Right now we are working on a new project using Apache Nutch 2.x, Apache Hadoop, Apache Solr 4 and a lot of other cool tools/modules/API’s/etc. After following the instructions found on http://nlp.solutions.asia/?p=180, I’ve successfully connected Apache Nutch, MySQL and Apache Solr.

In summary:

  • Create a database to hold your data
  • Use SQLDataStore and add configuration for your MySQL server
  • Update Apache Nutch configuration
  • Update Solr schema

Now our Apache Nutch uses MySQL as data store (the place where it keeps the result of the crawling process, such as URL, text content, metadata, and so on). That’s grand, but there is one part missing in the Solr Schema provided in the blog post.

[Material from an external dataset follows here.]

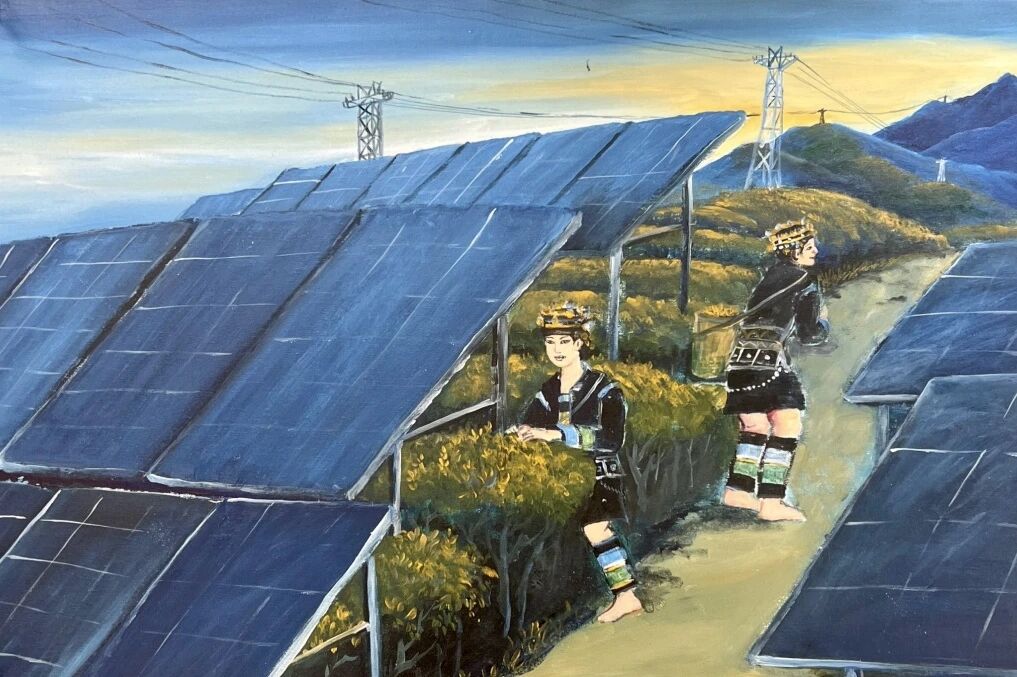 整个展览分为哈尼篇与布朗篇两个单元,以艺术形式呈现传统能源智慧与现代可再生能源的融合共生。在哈尼篇“以翅换火——跨越千年的哈尼族能量之源”中,哈尼阿卡文化传承人、民间画师先甲带来《哈尼族传统村落布局图》《传统山地农耕图》等作品,生动展现火塘在哈尼族社会生活中的核心角色。画作不仅描绘了梯田农耕中对生物质能源的循环使用,也呈现了今天村寨中逐渐普及的太阳能光伏设施,反映出一个民族在文化传承与绿色转型之间的积极探索。

Due to SOLR-3432, after following the tutorial and replacing the schema, we couldn’t delete the whole index anymore. After following the instructions in the bug comments, and adding the following entry in schema.xml it worked again.

<field name="_version_" type="long" indexed="true" stored="true"/>

Restart Apache Solr and run the following command and your index will be reset.

curl http://localhost:8983/solr/collection1/update?commit=true -H "Content-Type: text/xml" --data-binary "<delete><query>*:*</query></delete>"

Hope it helps if you are creating a similar set up. In the next posts we will explain how to set up Apache Nutch 2.x branch in Eclipse. It is very helpful for writing and debugging plug-ins.

Laters! -B